Mike Jolly

No. 21
- Position: Safety

Personal information
- Born: March 19, 1958 (age 68) Detroit, Michigan, U.S.
- Listed height: 6 ft 3 in (1.91 m)
- Listed weight: 188 lb (85 kg)

Career information
- High school: Aquinas (Detroit)
- College: Michigan
- NFL draft: 1980: 4th round, 96th overall pick

Career history
- New Orleans Saints (1980)*; Green Bay Packers (1980–1983);
- * Offseason and/or practice squad member only

Awards and highlights
- 2× First-team All-Big Ten (1978, 1979);

Career NFL statistics
- Interceptions: 3
- Fumble recoveries: 1
- Stats at Pro Football Reference

= Mike Jolly =

American football player (born 1958)

Michael Anthony Joseph Jolly (born March 19, 1958) is an American former professional football player who was a defensive back for the Green Bay Packers of the National Football League (NFL) from 1980 to 1983. He played college football for the Michigan Wolverines from 1976 to 1979. He started at weak side cornerback for Michigan in 35 of 36 games from 1977 to 1979 and was selected as a first-team all-conference player in the Big Ten in both 1978 and 1979.

==Early life==
Jolly was born in Detroit and grew up in Melvindale, Michigan. He attended Dearborn Sacred Heart High School for three years and one year at Aquinas High School in Southgate Michigan. He played four sports, football, basketball, track and baseball, in high school. He played both tailback and defensive back, and returned punts, in high school.

==Michigan==
He played at the University of Michigan for the Wolverines football team under head coach Bo Schembechler from 1976 to 1979. As a sophomore in 1977, Jolly started 11 of 12 games for Michigan at the weak side cornerback position. On October 1, 1977, in Michigan's 41–3 victory over Texas A&M, Jolly intercepted a pass and returned it 50 yards for a touchdown. Jolly played in the 1978 Rose Bowl against the Washington Huskies on New Year's Day. In the third quarter of the Rose Bowl, he intercepted a pass at the Washington 36-yard line and returned it 25 yards.

As a junior in 1978, Jolly started all 12 games at weak side cornerback for the 1978 Michigan Wolverines football team and was selected as an All-Big Ten Conference player. In the team's 51–0 victory over Duke, Jolly intercepted two passes. The 1978 team won the Big Ten Conference championship, held opponents to an average of 8.75 points per game, played in the 1979 Rose Bowl, and finished the season ranked No. 5 in both the AP and UPI polls.

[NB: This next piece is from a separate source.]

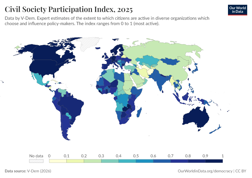 “Data Page: Civil society participation index”, part of the following publication: Bastian Herre, Lucas Rodés-Guirao, and Esteban Ortiz-Ospina (2013) - “Democracy”. Data adapted from V-Dem. Retrieved from https://bespoke-viz-urb.owid.pages.dev:8789/20260325-171315/grapher/civil-society-participation-index.html [online resource] (archived on March 25, 2026).How to cite this data
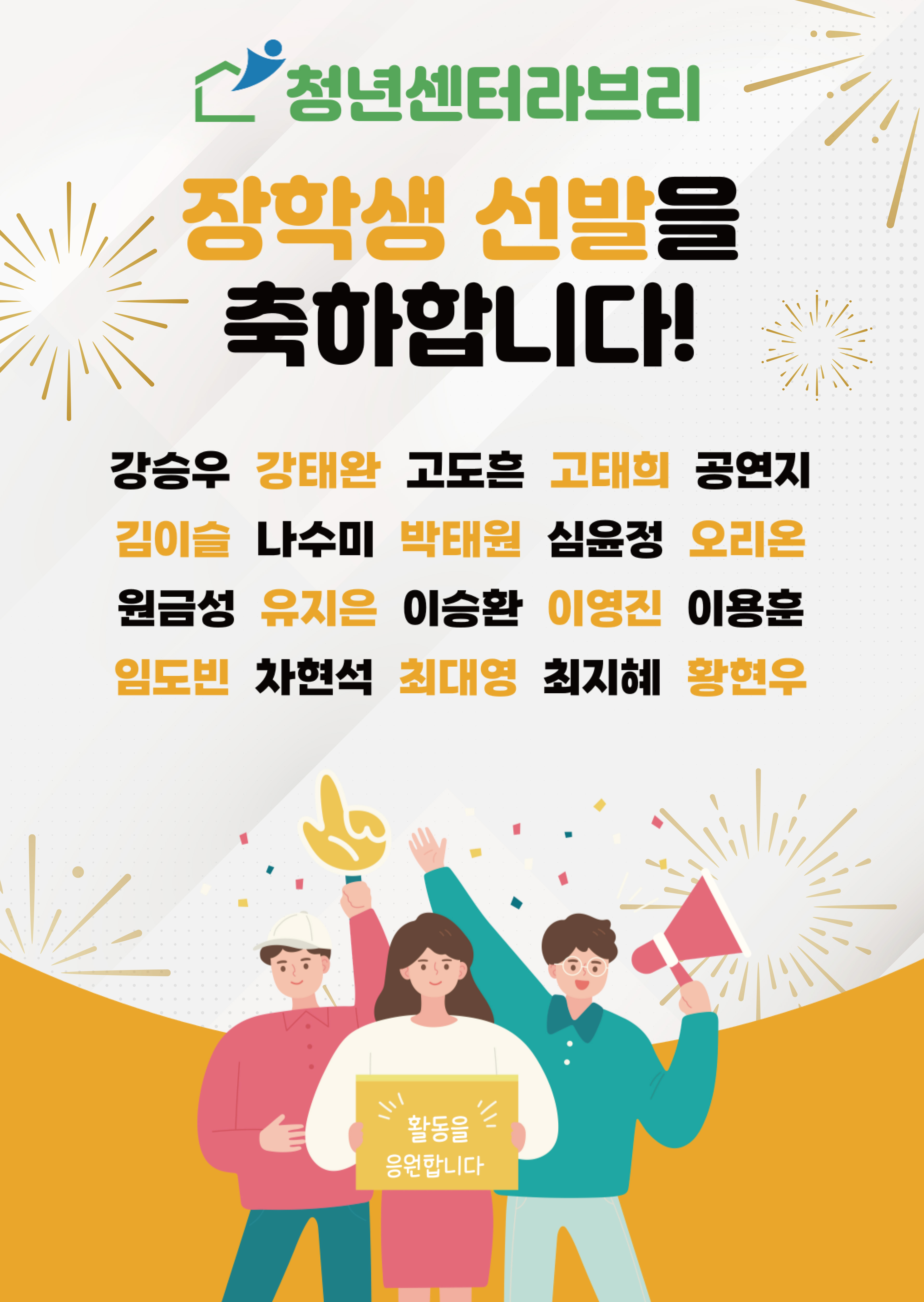 선발되신 20명의 장학생 분들 축하드리며, 장학생 활동에 관심을 갖고 지원을 해주신 많은 분들께 감사드립니다.^^

As a senior in 1979, and for the second consecutive season, he started all 12 games at the weak side cornerback position. The 1979 Michigan Wolverines football team held opponents to an average of 12.6 points per game, played in the 1979 Gator Bowl and finished the season ranked No. 18 and 19 in the final AP and UPI polls. For the second consecutive season, Jolly was selected as an All-Big Ten Conference player.

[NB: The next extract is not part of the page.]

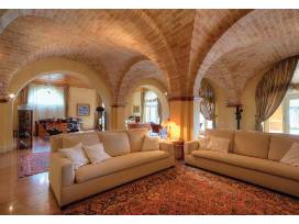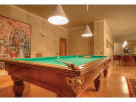 Going down to the lower floor, there is a billiard room and a large rustic dining room for banquets, a recreation room with a wet bar, a kitchen, a secondary bathroom, and a laundry room. From this floor, you can also get to the charming basement cellar that features traditional brick vaults.

Over the three-year period from 1977 to 1979, Jolly started 35 of 36 games for the Wolverines and appeared in two Rose Bowls and a Gator Bowl. In his collegiate career, Jolly totaled 124 tackles and nine interceptions.

==Professional football==
Jolly was selected by the New Orleans Saints in the fourth round (96th overall pick) of the 1980 NFL draft. In August 1980, Jolly was cut by the Saints and picked up on waivers by the Green Bay Packers.

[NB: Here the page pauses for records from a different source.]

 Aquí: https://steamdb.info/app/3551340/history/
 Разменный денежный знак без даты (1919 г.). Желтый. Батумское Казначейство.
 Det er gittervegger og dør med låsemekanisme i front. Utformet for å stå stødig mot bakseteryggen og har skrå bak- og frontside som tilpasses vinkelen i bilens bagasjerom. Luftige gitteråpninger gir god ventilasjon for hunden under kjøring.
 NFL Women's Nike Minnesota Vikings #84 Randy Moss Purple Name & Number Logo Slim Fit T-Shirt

As a rookie, Jolly appeared in all 16 games as a defensive back for the 1980 Packers. As the fifth back in Green Bay's nickel defense, he had two interceptions and knocked down three passes as a rookie. Jolly was slated to be the Packers starting safety in 1981. During his first game as a starter, a preseason game against the Dallas Cowboys in August 1981, Jolly sustained an injury to his left knee which required surgery to repair ligaments. Jolly missed the entire 1981 season after the injury. He returned for the 1982 season but appeared in only seven games, none as a starter. In 1983, he appeared in 12 games for the Packers, none as a starter.

In May 1984, the Packers released Jolly.